There was a bit of a hiccup with the reservation with the staff. Since one member of our party wouldn’t arrive until Friday, it caused a logistical snafu wherein they wouldn’t let him check in…for whatever reason. Thankfully we came to a compromise, which involved me paying for one night until he returns, wherein the charges would be removed from my card. Fair enough. Our friend had apologized for the current situation, but I had told him it’s not a problem; this is far from the worst hotel experience I’ve ever had with a convention.

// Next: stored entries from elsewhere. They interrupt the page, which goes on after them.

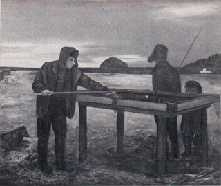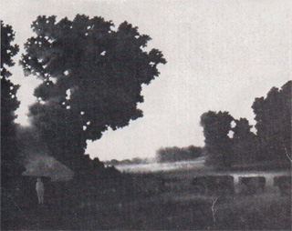 К экологической проблеме молодые пытаются подойти в аспекте ее сложных связей, сопряжений с другими зависимостями, а в общем в отношении к общественному самочувствию личности. Меняется характер поэтизации. По этой причине и возникают новые подходы к теме, как, к примеру Д. Григоровича. В его картинах «Лето», «На рассвете» природа наполняется каким-то загадочным смыслом, мистическими отблесками. Кажется странным бледно розовый рассвет на темно-синем небе. Кажется, что время замерло, остановилось в ожидании очередных «чудес» природы. Художник вносит в изображение романтические ноты, символические звучания. Такой ансамбль взаимоотношений порождает новый образ, резко отличный от натуроподобной традиционности и сопряженный с иными общественно-этическими проблемами. В то время как укрепилось сухое, иллюзорное письмо, возникла ностальгия по сочному, богатому колоризму. В. Костин отметил отсутствие внимания к выразительным потенциям живописи. Но, по-моему, говорить об отсутствии колоризма не совсем правильно. Собственно колоризм сохранился, но в другом выражении. Ежели ранее он был предметно-натурный, то сейчас как бы внепредметный, движимый авторскими эмоциями. Бледный сиреневый цвет в картине Г. Казимеренаса «Воскресенье» или плотный зеленый цвет Л. Пурмале в «Вечере», «Перегоне скота», «Болоте» свидетельствуют о новом уровне колористических забот художников, новом его качестве, возникшем в иной системе художественного мышления.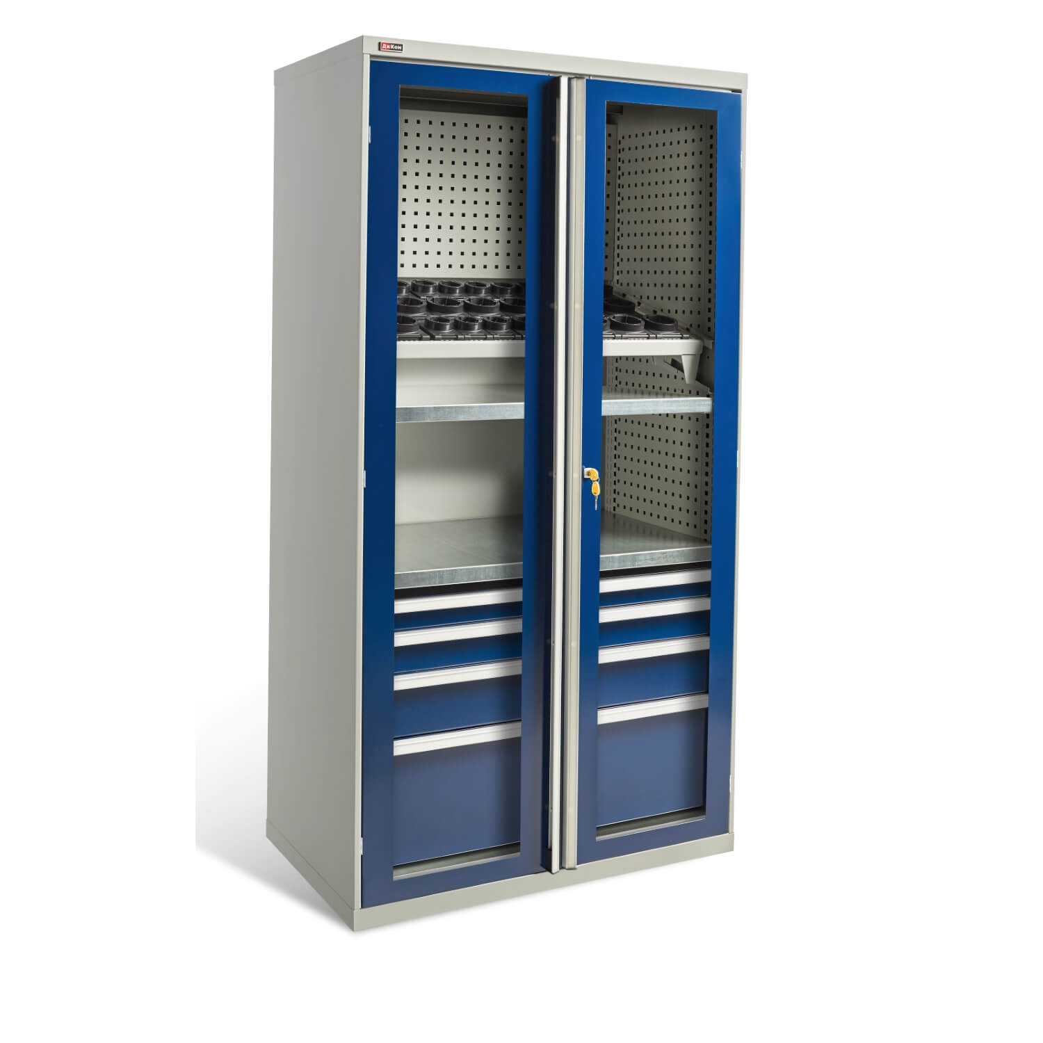 Внутреннее наполнение шкафа состоит из следующих модулей: ВC-05 Ящики разного размера, ВС-05 Полка цинк, ВС Платформа выкатная, Системы антиопрокидывания, ВС-053/055 Экраны боковые, ВС-03/05 Экран в тумбу, Салазки и Рамы под держатели инструмента и др. Шкаф моделируется индивидуально, с использованием перечисленных модулей.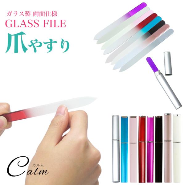 爪やすり ガラス製 つめやすり 爪磨き 両面 ネイルケア マニキュア 手入れ ネイル 爪 収納ケース 付属 かわいい

As I set my luggage down on the bed, I would get one of those learning experiences I alluded to in the intro. I opened up my suitcase and found the inside was generously doused in fruit punch soda. See, after learning we would be partying this weekend, the decision was made by other members of our party to bring alcohol and possibly other stuff. This is nothing new. I decided to bring a bottle of Captain Morgan Private Stock, accompanied by a bottle of fruit punch soda purchased at a Bottom Dollar. That stuff went into a backpack, which went into my suitcase. All that stuff packed into my trunk when the heat was in the high 90s eventually led to the bottle of soda bursting and about ¾ of its contents spilling out. Thankfully the old pair of pants enveloping the liquor (which I originally thought broke) soaked up most of the spill, though there was no way I’d ever wear them again. Much more horribly, though, my backpack was where I packed my computer in an effort to save space and bring as few small bags as possible. Damage report: the inside of my backpack smells of fruit soda, but is otherwise undamaged, three pairs of pants and three pairs of socks were also subsequently doused in soda. When I asked a bellhop about Laundromats in the area (I was counting on the hotel to charge far out the ass for laundry service), I learned of the free laundry service. I didn’t even care that the $2 for one-load-size laundry detergent felt like a rip-off; the desire for clean clothing took precedent.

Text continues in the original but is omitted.